## Records to use:
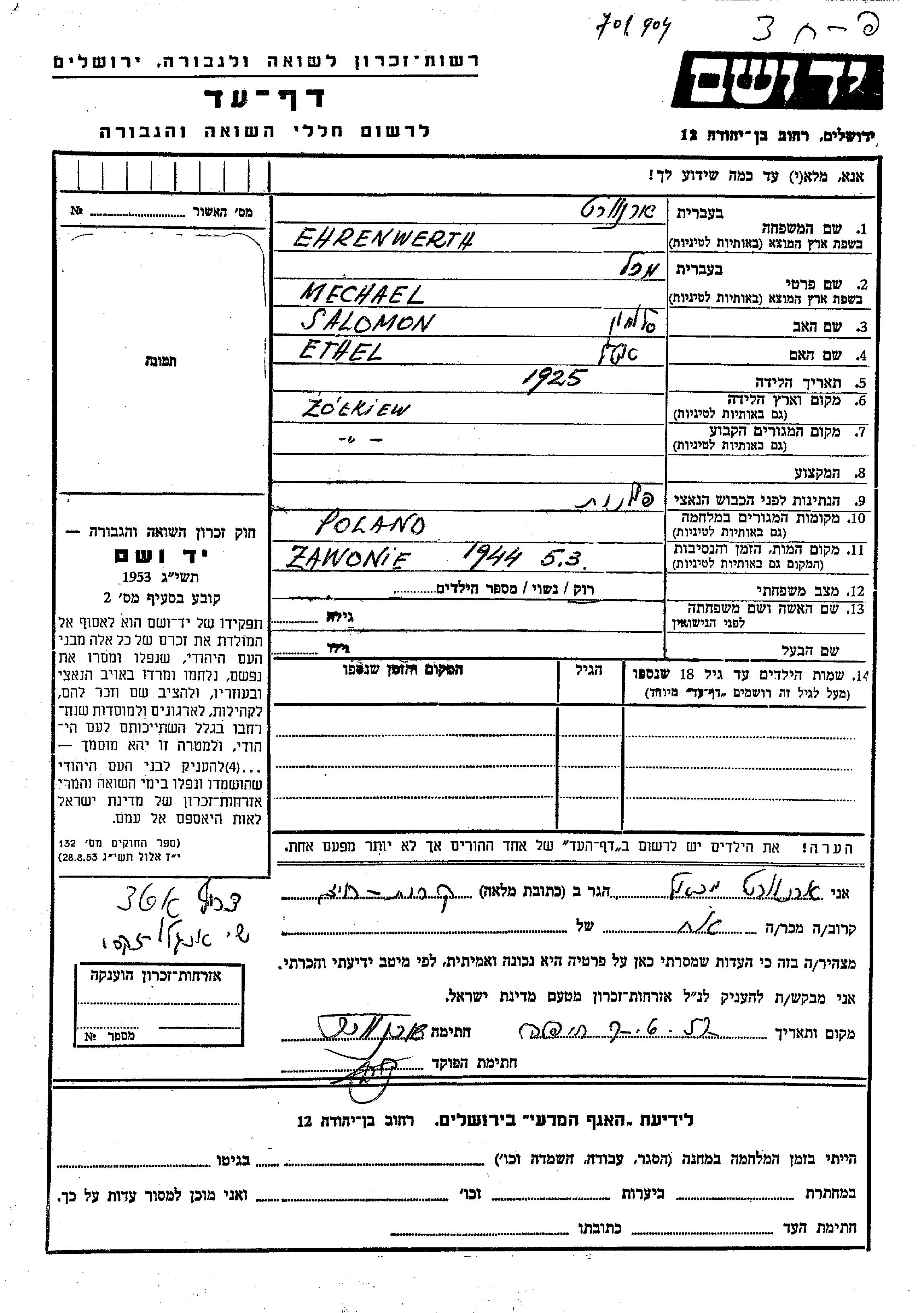 Mechael Ehrenwerth wurde im Jahr 1925 in Zolkiew, Polen geboren. Er war der Sohn von Salomon und Ethel. Er war Ledig. Vor dem Zweiten Weltkrieg lebte er in Zolkiew, Polen. Während des Krieges war er in Polen.
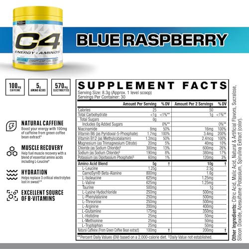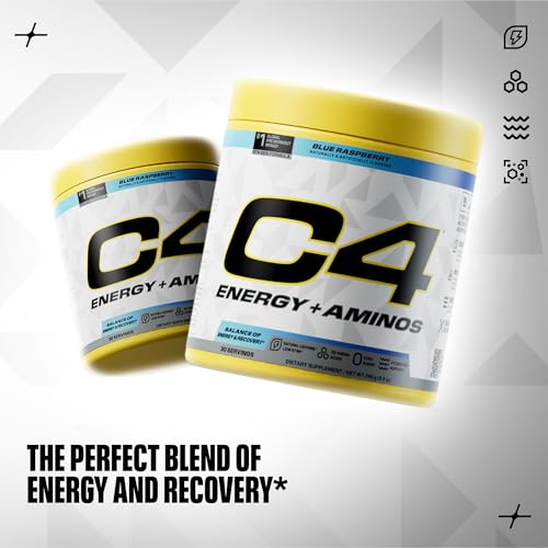 Cellucor C4 Energy + Aminos Powder | 5g BCAAs & EAAs for Muscle Recovery, 3 Electrolytes for Hydration, 100mg Natural Caffeine | Pre Workout | Zero Sugar, 30 Servings, Blue Raspberry
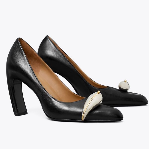 If you’re a fan of Tory Burch shoes, then you’re familiar with her best-selling pierced collection, featuring flats, mules, and now pumps. Designer with bold pumps features a curved heel along with the two-toned hardware at the soft-tip toe. The shoes also come in a brownish-red hue.
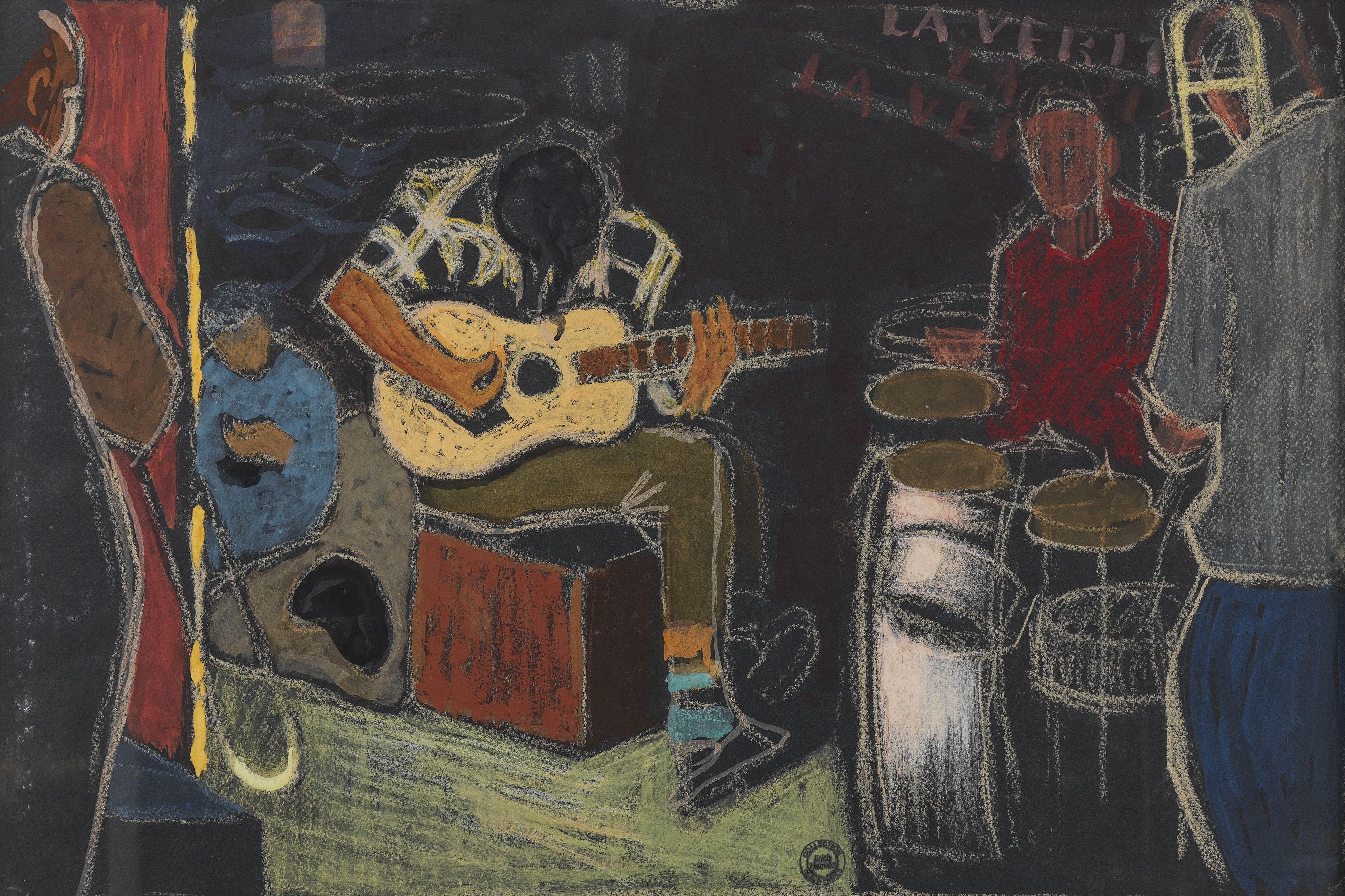 Le professeur et son élève, pastel et gouache sur papier, signé,...
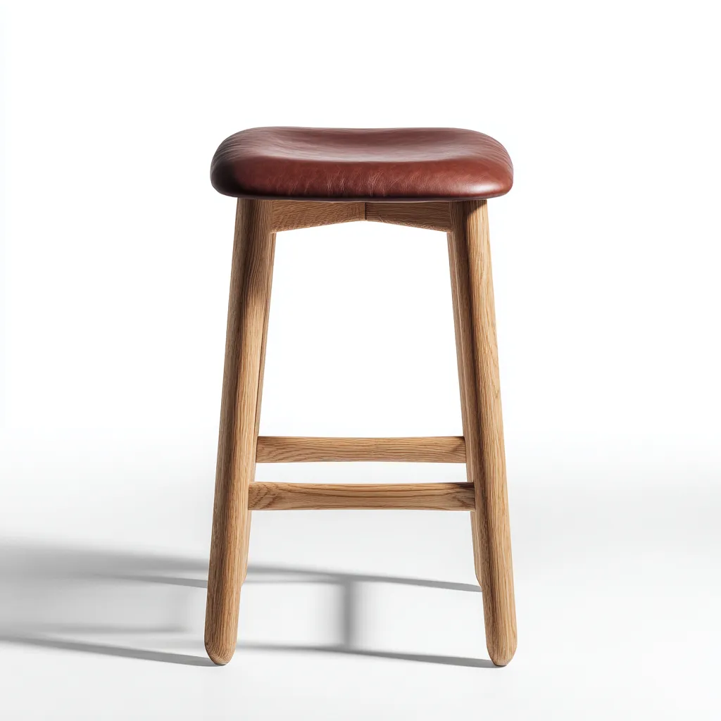 Tabouret de bar - Bois-Cuir - 40x35x65 cm - Marron-Bois naturel - Design contemporain
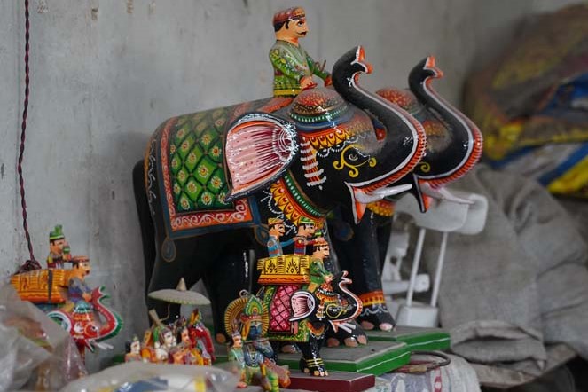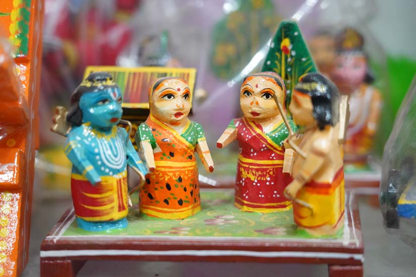Many of the colourful items depict scenes from village life, including bullock carts, elephants, and women carrying pitchers. Miniature sets of wooden cooking vessels are also produced in large quantities. Traditional idol sets of gods and goddesses are in high demand during festive occasions.

## Task directions:
Only the lines from the first line of the listing above through the line with "Cellucor C4 Energy" should be set down, exactly and without pictures.

## Task response:
 Mechael Ehrenwerth wurde im Jahr 1925 in Zolkiew, Polen geboren. Er war der Sohn von Salomon und Ethel. Er war Ledig. Vor dem Zweiten Weltkrieg lebte er in Zolkiew, Polen. Während des Krieges war er in Polen.
 Cellucor C4 Energy + Aminos Powder | 5g BCAAs & EAAs for Muscle Recovery, 3 Electrolytes for Hydration, 100mg Natural Caffeine | Pre Workout | Zero Sugar, 30 Servings, Blue Raspberry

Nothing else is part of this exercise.